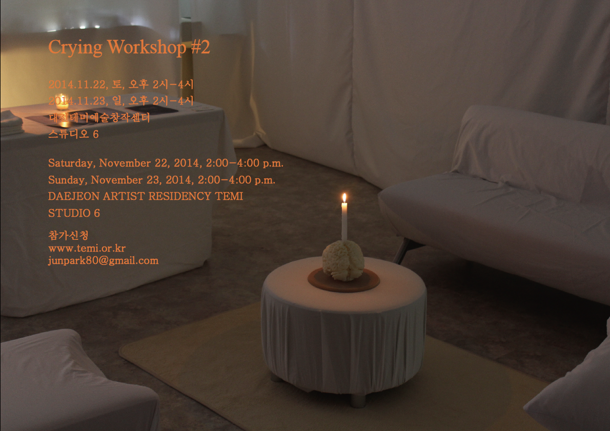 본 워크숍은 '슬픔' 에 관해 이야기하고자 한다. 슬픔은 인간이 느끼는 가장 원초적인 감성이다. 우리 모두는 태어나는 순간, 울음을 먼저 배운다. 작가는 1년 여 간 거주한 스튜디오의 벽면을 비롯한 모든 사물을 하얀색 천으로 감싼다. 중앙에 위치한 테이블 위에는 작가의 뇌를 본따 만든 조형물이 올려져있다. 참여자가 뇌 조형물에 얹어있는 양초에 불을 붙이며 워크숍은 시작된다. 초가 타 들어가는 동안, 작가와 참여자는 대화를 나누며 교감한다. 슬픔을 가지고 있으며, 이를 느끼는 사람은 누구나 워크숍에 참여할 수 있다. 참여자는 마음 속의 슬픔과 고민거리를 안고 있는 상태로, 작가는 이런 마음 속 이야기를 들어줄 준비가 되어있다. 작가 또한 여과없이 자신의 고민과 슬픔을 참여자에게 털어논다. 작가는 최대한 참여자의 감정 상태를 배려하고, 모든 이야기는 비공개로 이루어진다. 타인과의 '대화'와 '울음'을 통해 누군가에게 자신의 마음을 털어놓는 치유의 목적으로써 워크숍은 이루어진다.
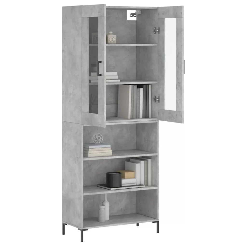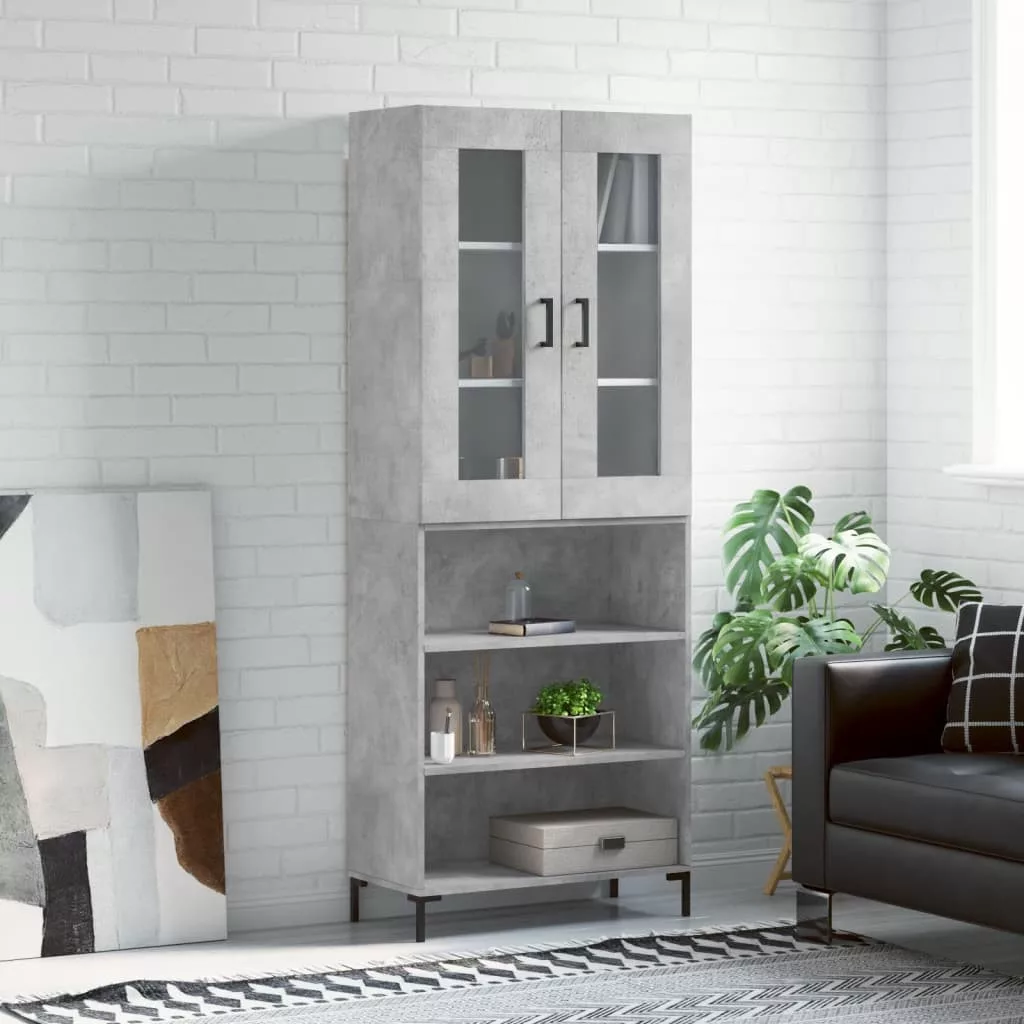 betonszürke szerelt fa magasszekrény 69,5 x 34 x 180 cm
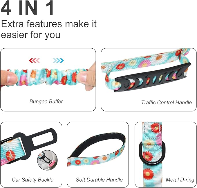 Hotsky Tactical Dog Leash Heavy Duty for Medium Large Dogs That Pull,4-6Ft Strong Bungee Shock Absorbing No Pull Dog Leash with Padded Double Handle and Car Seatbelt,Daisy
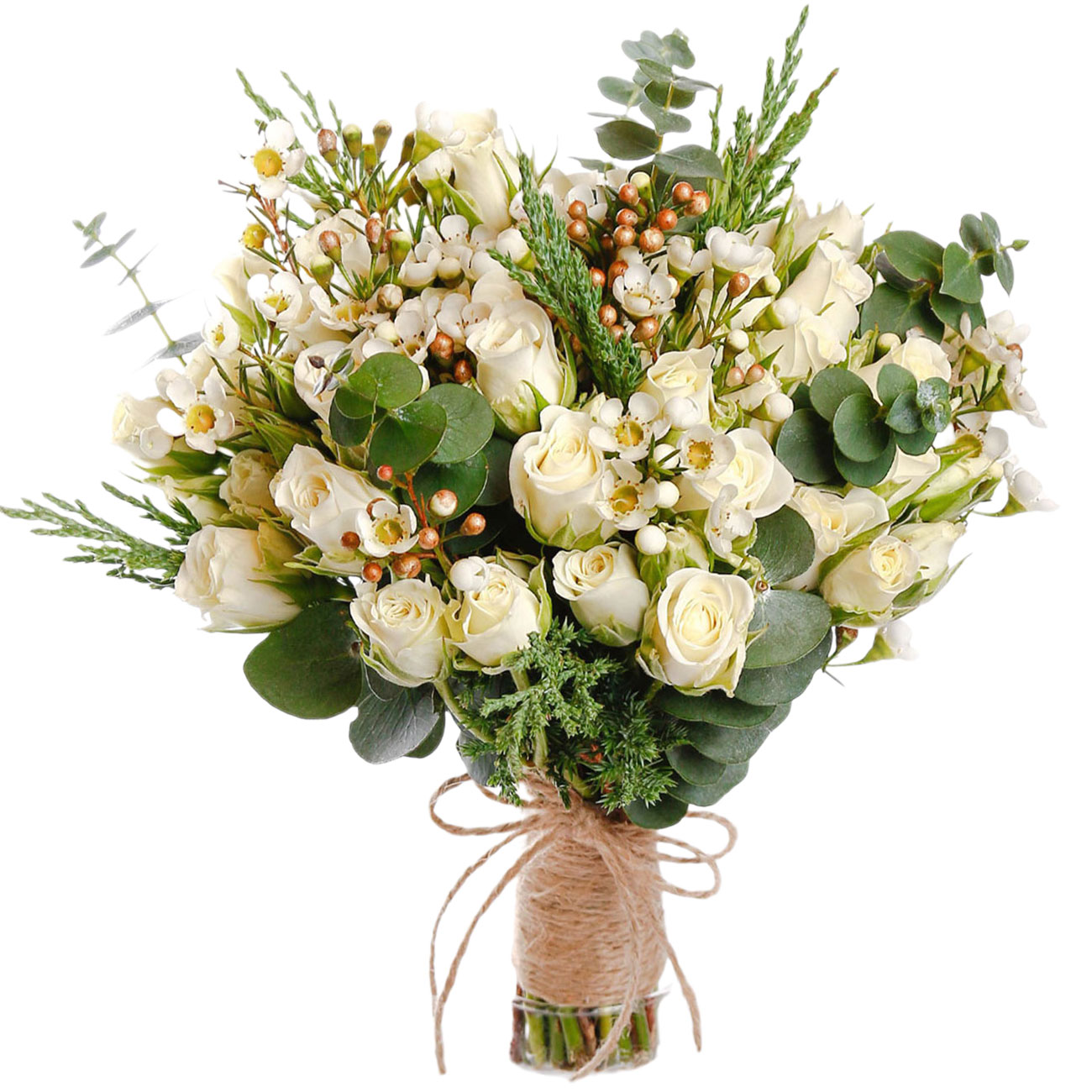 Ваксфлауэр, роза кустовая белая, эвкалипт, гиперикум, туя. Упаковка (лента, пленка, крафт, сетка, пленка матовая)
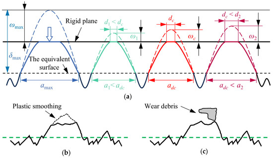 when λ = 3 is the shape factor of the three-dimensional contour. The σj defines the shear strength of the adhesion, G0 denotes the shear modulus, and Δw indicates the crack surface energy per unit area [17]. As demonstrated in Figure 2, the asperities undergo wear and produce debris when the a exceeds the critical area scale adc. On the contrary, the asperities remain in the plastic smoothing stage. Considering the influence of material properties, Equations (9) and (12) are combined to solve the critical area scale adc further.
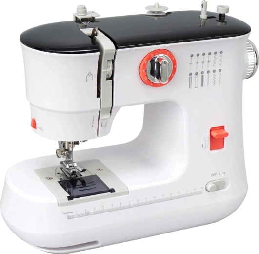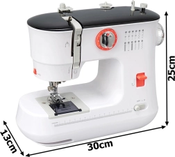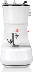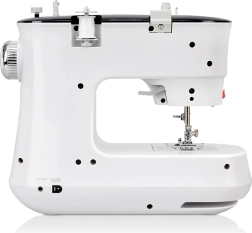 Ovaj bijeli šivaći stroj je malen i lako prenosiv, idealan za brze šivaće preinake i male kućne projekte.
■ ■ ■ ■
Write out, word for word, the stretch of entries that begins at the line with "Hotsky Tactical Dog" and ends at the line with "Ваксфлауэр, роза кустовая". Pictures do not belong in it.

 Hotsky Tactical Dog Leash Heavy Duty for Medium Large Dogs That Pull,4-6Ft Strong Bungee Shock Absorbing No Pull Dog Leash with Padded Double Handle and Car Seatbelt,Daisy
 Ваксфлауэр, роза кустовая белая, эвкалипт, гиперикум, туя. Упаковка (лента, пленка, крафт, сетка, пленка матовая)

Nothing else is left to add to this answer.